Seventeen studies (690 patients) were assessed. Overall IR in the entire group was 1.62 events per 100 PY (CI = 1.03-2.55). There was no significant heterogeneity among included studies (I² = 0%, P = .52). There was no significant difference between groups in the subgroup analysis (interaction-P = .17) (Figure S13).

Late cardiac-specific mortality

Sixteen studies (859 patients) were assessed. Overall IR in the entire group was 1.36 events per 100 PY (CI = 0.54-3.45). There was significant heterogeneity among included studies (I² = 80%, P = .01). There was no significant difference between groups in the subgroup analysis (interaction-P = .23) (Figure S14).

Late stroke

Thirteen studies (884 patients) were assessed. Overall IR in the entire group was 0.51 events per 100 PY (CI = 0.32-0.83). There was significant heterogeneity among included studies (I² = 64%, P < .01). There was no significant difference between groups in the subgroup analysis (interaction-P = .35) (Figure S15).

DISCUSSION

To the best of our knowledge, this is the only meta-analysis comparing early and late outcomes of surgical and transcatheter MV interventions for AFMR. Our main findings were that, compared to isolated mitral TEER, surgical intervention (including mitral annuloplasty, concomitant AF ablation, and/or TV repair) was associated with decreased IR of:

Late severe MR (2.53 vs 6.66 events per 100 PY, P-interaction = .03)
Late all-cause mortality (3.00 vs 8.84 events per 100 PY, P-interaction = .024)
Late HF hospitalization/readmission (4.44 vs 17.03 events per 100 PY, P-interaction < .01)
Late NYHA III/IV (2.98 vs 22.47 events per 100 PY, P-interaction < .01)
Both groups were comparable in IR of early all-cause mortality, early cardiac-specific mortality, late cardiac-specific mortality, postprocedural morbidities (AKI and early stroke), and postprocedural atrial and ventricular reverse remodelling.

We attribute the better outcome of surgical intervention over TEER to concomitant interventions such as mitral annuloplasty, AF ablation, and TR repair that address other aspects of AFMR pathophysiology including atrial fibrillation and TR.

Early and late severe mitral regurgitation

Our study demonstrated that IR of early and late recurrent MR was significantly higher in TEER compared to surgery. An explanation is that surgery directly repairs annular dilation, the primary cause of AFMR, while TEER only approximates leaflets, and its effect on the annulus is not as direct as surgery.
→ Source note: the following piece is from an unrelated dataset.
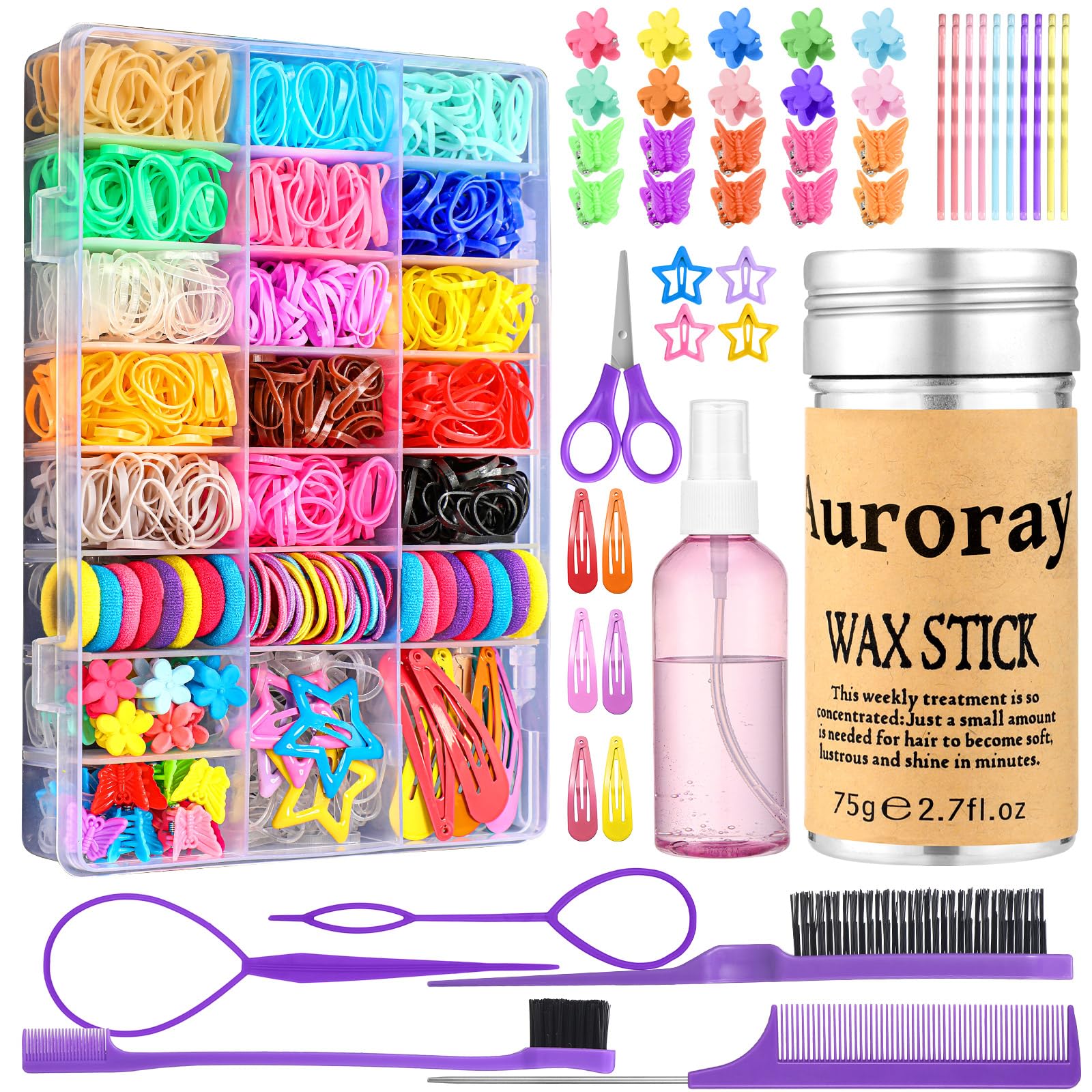 auroray Accesorios para el cabello para niñas, 1698 piezas de bandas de goma para el cabello con lazos elásticos para el cabello,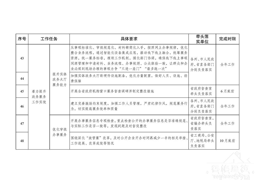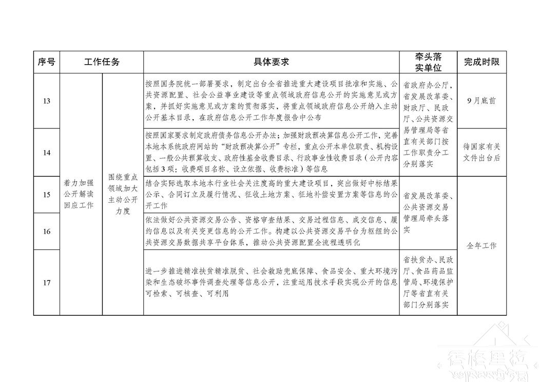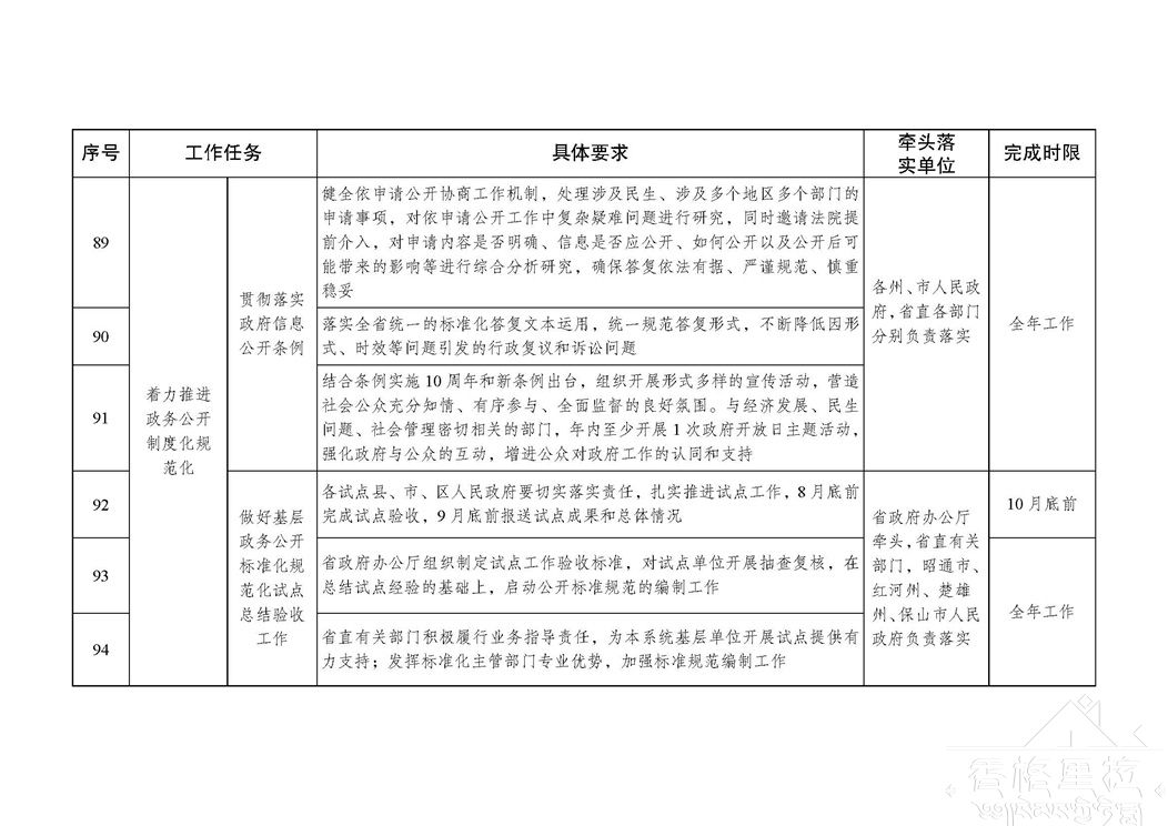 各级政府及部门办公厅(室)要切实承担起本地本部门政务公开工作的组织推动、统筹协调、督促检查主体责任,按照“年布局、季统筹、月计划、周安排、日对照”工作思路,坚持事前谋划、事中督导、事后总结,有力有序推进本地本部门政务公开各项工作;要对照分工方案将责任落实到具体部门、落实到具体责任人。有关牵头单位要按照“谁牵头负责、谁组织落实”的原则,不断强化对本系统本行业政务公开工作的指导、督促和检查,加强上下联动、横向协调,增强合力;要紧盯国家政务公开最新部署,依法依规推进,立足自身职能加强调查研究和统筹协调,及时掌握进展情况,及时协调解决遇到的困难和问题。有关责任单位要根据职能分工,进一步细化分解任务,确保各项目标任务按时完成。同一事项由多个部门共同完成的,牵头部门要做好统筹协调,形成齐抓共管、共同推进的工作格局,防止出现工作遗漏。

Several studies have reported mitral annular diameter decrease following TEER, particularly in patients with FMR,^22–27 supporting the treatment rationale. Patzelt et al. reported a reduction in mitral annular diameters in VFMR at patient follow-up²⁸; however, we could not analyse this reduction due to data unavailability. Therapeutic left ventricular remodelling after TEER can also be assessed by a reduction in LVEDD.²⁹ Our analysis showed both interventions resulted in comparable reductions in left atrial and left ventricular diameters, with slight benefit associated with the surgical group despite their relatively larger preprocedural left atrial and left ventricular diameters and volumes. These findings further suggest that superior outcomes associated with surgery may stem from its direct repair of the mitral annulus, while TEER relies on delayed cardiac remodelling.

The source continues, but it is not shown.